Ron Paul - Political Party Identification

Political Party Identification

Throughout his entire tenure in Congress, Paul has represented his district as a member of the Republican Party. However, he has frequently taken positions in direct opposition to the other members and the leadership of the party, and he has sometimes publicly questioned whether he really belonged in the party.

Ron Paul voted for Dwight Eisenhower for President in 1956 when he was 21 years old. He had been a lifelong supporter of the Republican Party by the time he entered politics in the mid 1970s. He was one of the first elected officials in the nation to support Ronald Reagan's presidential campaign, and he actively campaigned for Reagan in 1976 and 1980. After Reagan's election in 1980, Paul quickly became disillusioned with the Reagan administration's policies. He later recalled being the only Republican to vote against Reagan budget proposals in 1981, aghast that "in 1977, Jimmy Carter proposed a budget with a $38 billion deficit, and every Republican in the House voted against it. In 1981, Reagan proposed a budget with a $45 billion deficit – which turned out to be $113 billion – and Republicans were cheering his great victory. They were living in a storybook land." He expressed his disgust with the political culture of both major parties in a speech delivered in 1984 upon resigning from the House of Representatives to prepare for a (failed) run for the Senate, and he eventually apologized to his Libertarian friends for having supported Reagan.

By 1987, Paul was ready to sever all ties to the Republican Party, as he explained in a blistering resignation letter: "Since Ronald Reagan and the Republican Party have given us skyrocketing deficits, and astoundingly a doubled national debt. How is it that the party of balanced budgets, with control of the White House and Senate, accumulated red ink greater than all previous administrations put together? ... There is no credibility left for the Republican Party as a force to reduce the size of government. That is the message of the Reagan years." A month later he announced he would seek the 1988 Libertarian Party nomination for president.

During the 1988 campaign, Paul called Reagan "a dramatic failure" and complained that "Reagan's record is disgraceful. He starts wars, breaks the law, supplies terrorists with guns made at taxpayers' expense and lies about it to the American people." Paul predicted that "the Republicans are on their way out as a major party," and he said that, although registered as a Republican, he had always been a Libertarian at heart.

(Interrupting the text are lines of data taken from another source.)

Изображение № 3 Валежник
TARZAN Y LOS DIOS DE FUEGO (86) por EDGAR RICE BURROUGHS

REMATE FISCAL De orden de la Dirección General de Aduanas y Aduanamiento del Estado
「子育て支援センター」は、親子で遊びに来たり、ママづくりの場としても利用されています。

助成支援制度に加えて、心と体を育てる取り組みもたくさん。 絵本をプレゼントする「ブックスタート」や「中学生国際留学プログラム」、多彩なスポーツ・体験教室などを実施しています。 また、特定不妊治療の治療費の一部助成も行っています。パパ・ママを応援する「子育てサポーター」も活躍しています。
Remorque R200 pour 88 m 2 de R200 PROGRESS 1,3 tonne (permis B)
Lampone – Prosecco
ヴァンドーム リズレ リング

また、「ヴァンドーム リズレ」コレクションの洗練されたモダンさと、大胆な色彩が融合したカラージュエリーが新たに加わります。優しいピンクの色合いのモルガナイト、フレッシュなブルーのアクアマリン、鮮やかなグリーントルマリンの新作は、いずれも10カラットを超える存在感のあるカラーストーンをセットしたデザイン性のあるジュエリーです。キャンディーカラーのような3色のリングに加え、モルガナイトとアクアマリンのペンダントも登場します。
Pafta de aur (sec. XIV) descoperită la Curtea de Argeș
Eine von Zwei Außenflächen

Paul returned to his private medical practice and managing several business ventures after losing the 1988 election; but by 1996, he was ready to return to politics, this time running on the Republican Party ticket again. He said that he had never read the entire Libertarian platform when he ran for president as a Libertarian in 1988, and that "I worked for the Libertarians on my terms, not theirs." He added that in terms of a political label he preferred to call himself "a constitutionalist. In Congress I took an oath to uphold the Constitution, not the (Republican) platform."

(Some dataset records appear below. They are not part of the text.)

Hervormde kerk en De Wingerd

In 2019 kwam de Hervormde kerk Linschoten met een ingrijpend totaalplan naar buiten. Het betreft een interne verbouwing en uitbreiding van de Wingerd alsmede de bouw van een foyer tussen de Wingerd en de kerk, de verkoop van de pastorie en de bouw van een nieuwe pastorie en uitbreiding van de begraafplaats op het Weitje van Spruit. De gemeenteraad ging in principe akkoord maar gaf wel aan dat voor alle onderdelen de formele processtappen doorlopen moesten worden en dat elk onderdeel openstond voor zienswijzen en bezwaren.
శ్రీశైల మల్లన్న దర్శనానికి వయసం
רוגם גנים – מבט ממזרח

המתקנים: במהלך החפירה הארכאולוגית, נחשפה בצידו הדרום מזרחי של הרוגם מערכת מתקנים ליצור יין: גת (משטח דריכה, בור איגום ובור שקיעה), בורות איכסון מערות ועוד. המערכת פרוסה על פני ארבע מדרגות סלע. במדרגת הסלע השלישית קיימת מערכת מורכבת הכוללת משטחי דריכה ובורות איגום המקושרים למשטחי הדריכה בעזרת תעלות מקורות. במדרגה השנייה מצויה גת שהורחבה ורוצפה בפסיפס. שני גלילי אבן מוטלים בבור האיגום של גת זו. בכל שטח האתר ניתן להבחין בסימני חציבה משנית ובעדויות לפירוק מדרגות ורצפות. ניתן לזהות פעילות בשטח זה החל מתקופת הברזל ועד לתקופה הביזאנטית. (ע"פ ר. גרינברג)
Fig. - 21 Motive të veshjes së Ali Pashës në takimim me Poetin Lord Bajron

When he lost the Republican Party presidential primary election in 2008, Paul criticized the two major political parties, saying that there was no real difference between the parties and that neither of them truly intended to challenge the status quo. He refused to endorse the Republican Party's nominee for president, John McCain, and lent his support to third-party candidates instead.

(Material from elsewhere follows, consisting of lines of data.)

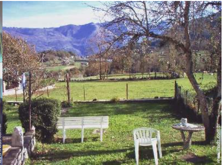
vista para lago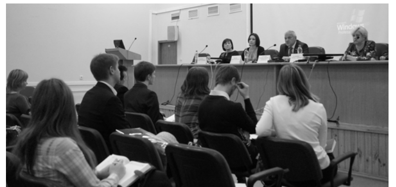
Образовательный семинар в Отделении ПФР по Нижегородской области по теме «Новая пенсионная формула» для представителей Молодежного парламента

Так, в апреле 2015 года представители Молодежного парламента совместно со специалистами Пенсионного фонда посетили областной колледж культуры, где представили ребятам интерактивную игру. В ходе игры выяснилось, что почти все присутствующие выбрали белую зарплату.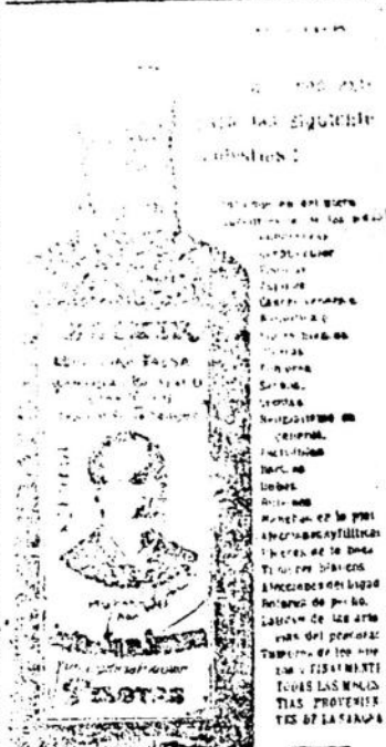
JUAN DEPURATIVO DE LA SANGRE

In 2012 presidential campaign, during which he acknowledged it was unlikely that he would win the Republican Party nomination, Paul again asserted that he was participating in the Republican Party on his own terms, trying to persuade the rest of the party to move toward his positions rather than joining in with theirs. He expressed doubt that he would support any of his rivals should they win the nomination, warning that, “If the policies of the Republican Party are the same as the Democrat Party and they don't want to change anything on foreign policy, they don't want to cut anything, they don't want to audit the Fed and find out about monetary policy, they don't want to have actual change in government, that is a problem for me." On that same theme he said in another interview, "I would be reluctant to jump on board and tell all of the supporters that have given me trust and money that all of a sudden, I'd say, we've done is for naught. So, let's support anybody at all ... even if they disagree with everything that we do."